Using AI and Machine Learning to Overcome Position Bias within Adobe Stock Search
Co-written with Judy Massuda
It can be both a key benefit, and a substantial challenge in digital retail: the sheer volume of products that can be made available to a potential customer at any given time. In a world of seemingly never-ending choice, search relevance and ranking play an important part in highlighting the diversity of products available and, ultimately, getting customers to select something that suits their needs. Customers don’t often scroll too deep into the results or go beyond the first page to find what they are looking for. This is even more important for us at Adobe Stock, our online content marketplace of over 160 million assets, as our unique business requires us to think about relevance and ranking in a slightly different way than the typical e-commerce business.

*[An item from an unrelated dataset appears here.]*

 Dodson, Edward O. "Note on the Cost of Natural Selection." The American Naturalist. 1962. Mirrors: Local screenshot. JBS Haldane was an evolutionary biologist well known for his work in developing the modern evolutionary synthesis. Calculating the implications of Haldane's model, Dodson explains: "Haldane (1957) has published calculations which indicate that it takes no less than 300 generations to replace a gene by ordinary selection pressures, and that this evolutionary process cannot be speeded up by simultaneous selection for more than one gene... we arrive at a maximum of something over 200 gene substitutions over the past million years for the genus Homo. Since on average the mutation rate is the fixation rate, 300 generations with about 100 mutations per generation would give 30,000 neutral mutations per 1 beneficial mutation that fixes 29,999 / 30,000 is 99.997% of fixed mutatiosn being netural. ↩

To begin with, our business model involves offering subscriptions. These subscribing customers return often to execute the same search queries with different end goals in mind, so content that is displayed at the top of the results should not always stay the same. In addition, we sell digital and not physical goods, and customers are often doing more than just using downloaded content without making adjustments. Instead, many are hoping to find inspiration from pieces of content that they can manipulate for their final project needs. Finally, in the world of stock content, unlike in traditional retail, hot items never sell out. Uploaded and approved content is usually there for the long-haul, which makes it even more important to ensure diverse results are displayed to customers.
While investigating the historical top results per query on Adobe Stock, we realized they had little variance. We saw that the same bestselling images always stayed on top. This lack of dynamism can hurt the experience for both sides of our marketplace. Our end-use customers need different, high quality, trending images over time. On the contributors’ side, if their newly uploaded images are not able to surface in the top results, it becomes harder for them to monetize their work.

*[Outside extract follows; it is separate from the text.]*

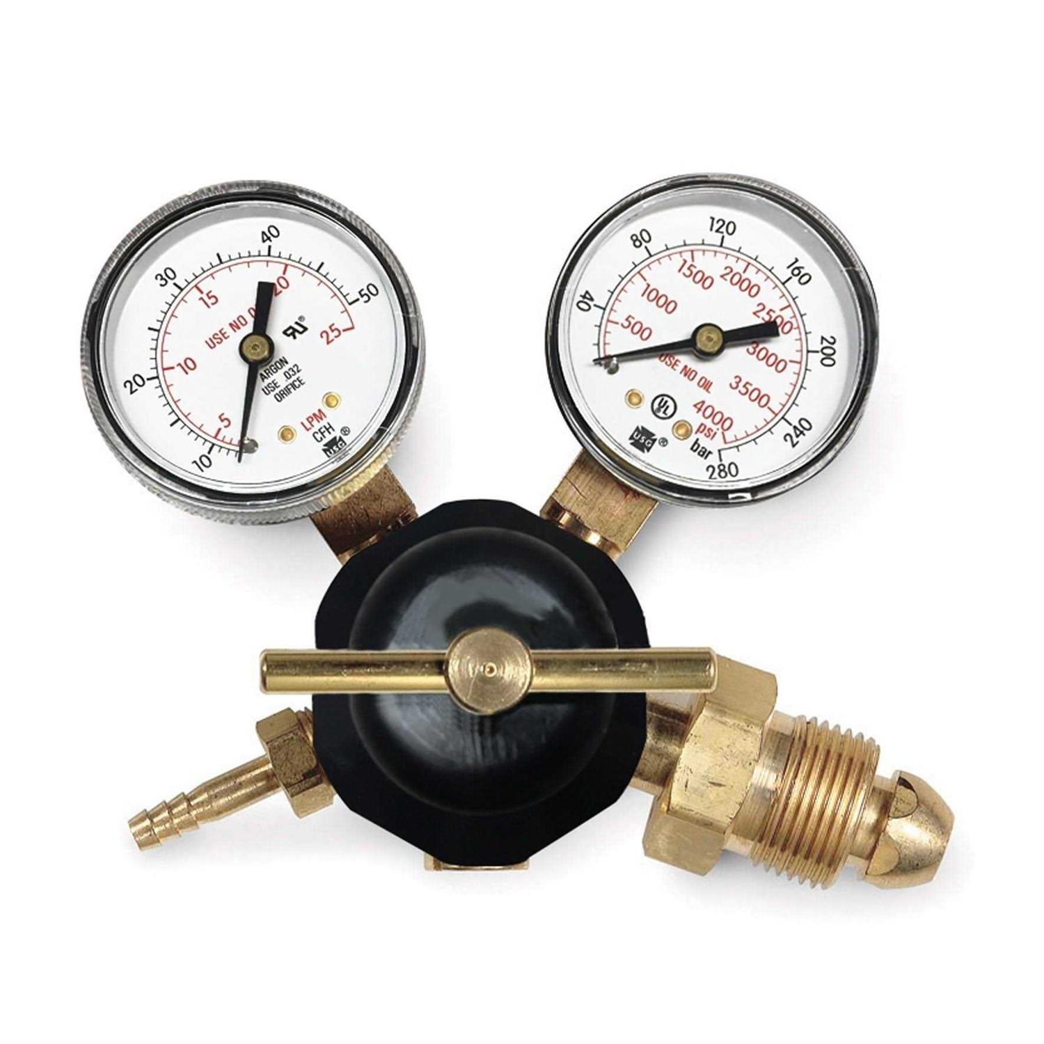 This Hobart Flow Gauge MIG Regulator with 5″ hose (770971) for your Hobart Handler or similar small MIG or TIG welder. Flow gauge regulator features dual two inch gauges with shatter-resistant polycarbonate lenses. Aluminum bonnet resists corrosion. Brass CGA-580 inlet fits all inert gas cylinders, including argon and argon mixes. Brass barb outlet accommodates included 5′ shielding gas hose. Gas flow rate is adjustable with brass “T” handle. Flow gauge features inlet filters and pressure relief device.

For both of our marketplace customers, it was therefore important to improve the diversity of results generated by the search ranking algorithm.
Position bias analysis
We started with an analysis on engagement-by-position to understand why we weren’t seeing much variety in our historical results. We used download-through-rate (DTR) as the comparison metric, which is number of downloads normalized by the number of impressions at each position. On the Adobe Stock website, we display 100 images per page, and the engagement at each position amongst the first few pages is shown in the following graph.
As you can see from the graph, the DTR decreases exponentially by position. In fact, images in the first position had more than ten times the downloads that images at the thirtieth position on the first page had, and about half of the downloads happened at the top one third of the first page. Note that the periodic spikes in the graph are caused in part by pagination.

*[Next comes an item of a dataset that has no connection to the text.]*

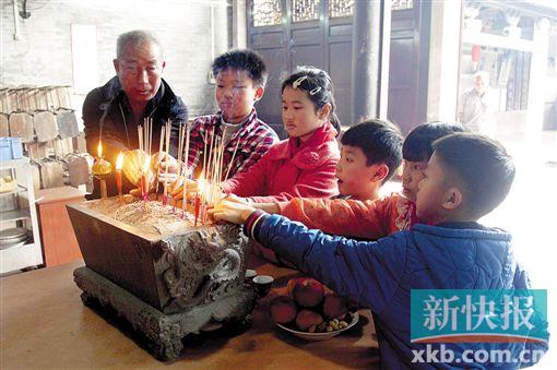■村中長(zhǎng)輩帶著兒童給祖先上香。

This exponential decay can be explained by one of two reasons:
1. Position bias, meaning that customers are more likely to download images in the top positions than images in the lower positions, regardless of the image quality and relevance.
2. The images in the top positions are superior to the images at lower positions in terms of relevance and quality.
We believed that this exponential decay was mainly caused by position bias, as we found that the relevance and quality didn’t vary much in the top results. To confirm this hypothesis, we implemented a version of the Standard EM algorithm described in the paper “Position Bias Estimation for Unbiased Learning to Rank in Personal Search” from Google. Given a query, this machine learning algorithm determines the change in engagement when showing the same image at different positions. We ran it on purchase and impression log data over a one year period. The propensity by position learned by the EM algorithm from customer purchase behavior is shown in the following graph. As we can see, if we show the same image at lower positions for the same query, the engagement drops significantly.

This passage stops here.